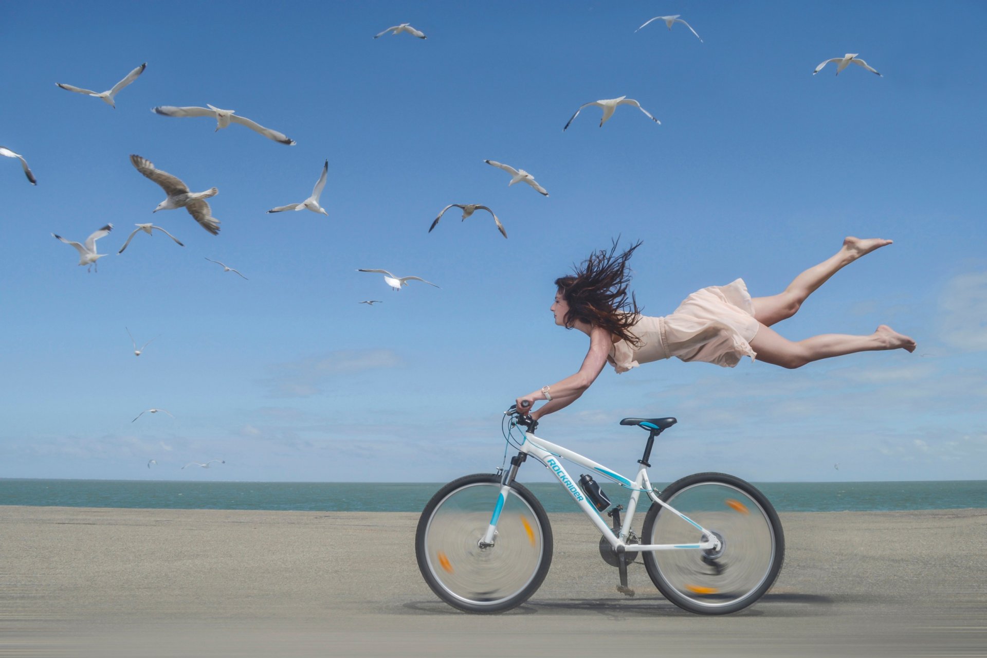 Девушка на лошади в волнах моря а вокруг летают чайки
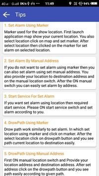 This application provide to set location alarm easily. User also set alarm in two types. First one is click on marker. In which select the location and click on location marker. Second one is provide manual address location and set location alarm according to given address or location. User also see path own location to destination location. In which provide location by marker or manual address location.
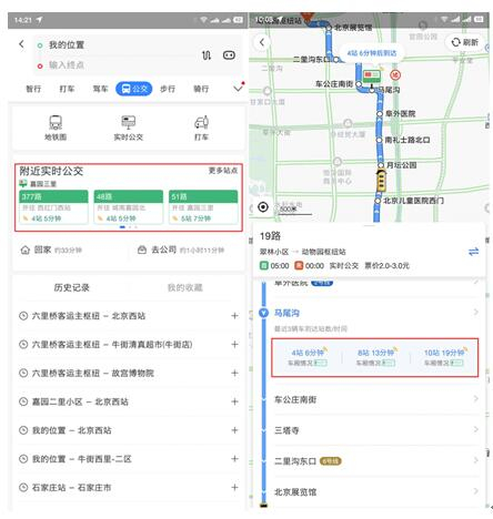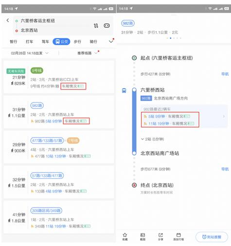 (附近实时公交及搜索公交线路可查看客流量情况)
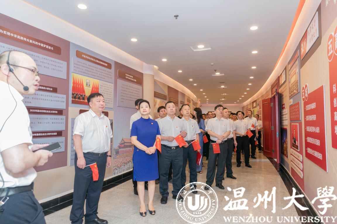 校领导徐和昆、杨林书、潘玉驹、郑信军,温州医科大学、温州理工学院马克思主义学院负责人,学校各二级党组织书记,相关部门负责人以及师生代表等参加基地落成揭牌仪式。
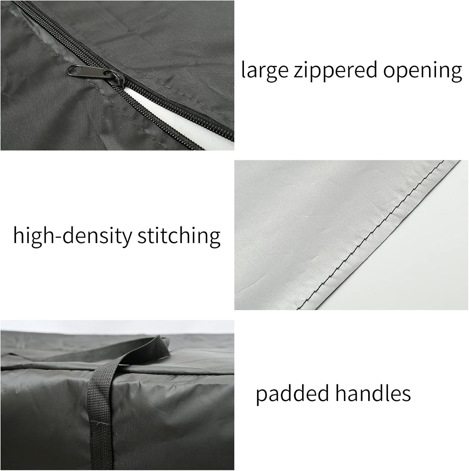 - 【FRIENDLY DESIGN】 With extra-large 68 inch zippered opening, the outdoor cushion storage bags oversized waterproof and more convenient for loading and unloading cushions, chairs, Christmas tree, pillows and so on. With 2 sturdy wide handles, the patio cushion storage bag waterproof extra large bag is comfortable for carrying.
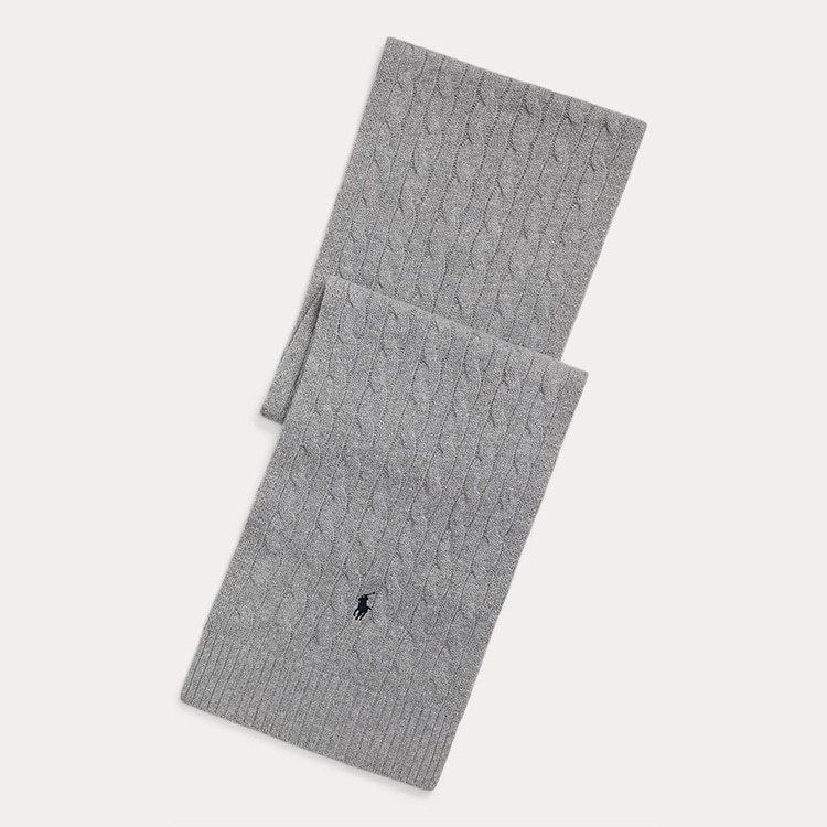 リブニットの両端。片端にシグネチャーのポニー刺繍。ドライクリーニング。
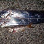 子供の話してたら明らかにカマスじゃない引き。まさかの40cm越え?位のサゴシ。リリースしようとしたらその子が食べてみたいと。お父さんにいるか聞いといで。って伝えたら食べると。美味しくないかもよー。と言っといたけど美味しくないってなるだろな
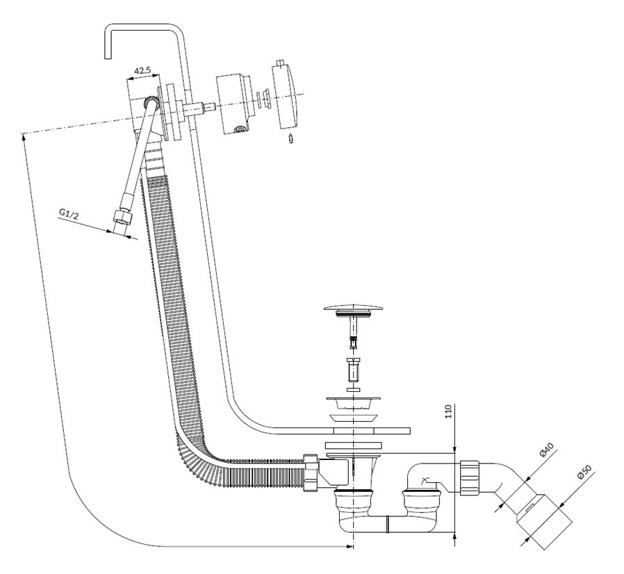 Prednosti vaňového sifónu s napúšťaním cez prepad:- určené pre vane s priemerom odtoku ø5,2 cm

----------------------------------------

§ WORK TO BE COMPLETED:
Which lines fall between the one containing "校领导徐和昆、杨林书、潘玉驹" and the last line of the listing, both included? Give them again exactly, without the pictures.

§ RESPONSE BELOW:
 校领导徐和昆、杨林书、潘玉驹、郑信军,温州医科大学、温州理工学院马克思主义学院负责人,学校各二级党组织书记,相关部门负责人以及师生代表等参加基地落成揭牌仪式。
 - 【FRIENDLY DESIGN】 With extra-large 68 inch zippered opening, the outdoor cushion storage bags oversized waterproof and more convenient for loading and unloading cushions, chairs, Christmas tree, pillows and so on. With 2 sturdy wide handles, the patio cushion storage bag waterproof extra large bag is comfortable for carrying.
 リブニットの両端。片端にシグネチャーのポニー刺繍。ドライクリーニング。
 子供の話してたら明らかにカマスじゃない引き。まさかの40cm越え?位のサゴシ。リリースしようとしたらその子が食べてみたいと。お父さんにいるか聞いといで。って伝えたら食べると。美味しくないかもよー。と言っといたけど美味しくないってなるだろな
 Prednosti vaňového sifónu s napúšťaním cez prepad:- určené pre vane s priemerom odtoku ø5,2 cm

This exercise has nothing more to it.